Phones for low-income users hacked before they're turned on, research finds

Rameez Anwar's phone had serious problems. The device, paid for by the federally funded Lifeline program for low-income people, was overrun with pop-up ads that made it unusable. Despite multiple factory resets, the problem wouldn't go away. 

"As soon as it detected internet," Anwar said, "it started doing the pop-ups." 

Anwar, who says he's tinkered with computers since childhood, suspected the phone had come with malware installed. So he sent it to Nathan Collier, a researcher at Malwarebytes. 

Collier confirmed Anwar's hunch: The phone's settings and update apps contained code that allowed them to load malicious apps known as adware. The adware displayed ads that covered users' screens, no matter what they were doing on their phones.

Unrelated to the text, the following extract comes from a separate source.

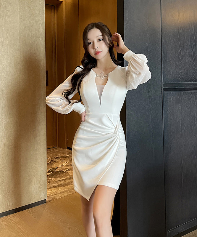 【2色】ミニドレス キャバドレス セクシー ダイヤモンド 谷間見せ 非対称 着痩せ XH2-YM8805

Adware isn't a problem just for Anwar and other users who have the same phone model, made by American Network Solutions. Because the phones and their service plans were subsidized by a US program, taxpayers were funding the data that was used to display the promotional campaigns. On top of that, the adware prevented the phones doing their intended job: keeping low-income people connected to vital services via phone and internet.

Evidence suggests pre-installed malware plagues inexpensive phones around the world. Earlier this year, Collier found pre-installed malware, a broad range of disruptive or dangerous apps, on a phone made by Unimax and distributed by the Lifeline program. Collier says he frequently sees similar malware on cheap phones outside the Lifeline program. A BuzzFeed investigation found inexpensive phones popular in African countries had similar problems.

Unimax said in a statement in January that it had created a security patch to fix a vulnerability in its settings app. However, it disagreed with Malwarebytes that the vulnerability in the app qualified as "malware." American Network Solutions couldn't be reached for comment.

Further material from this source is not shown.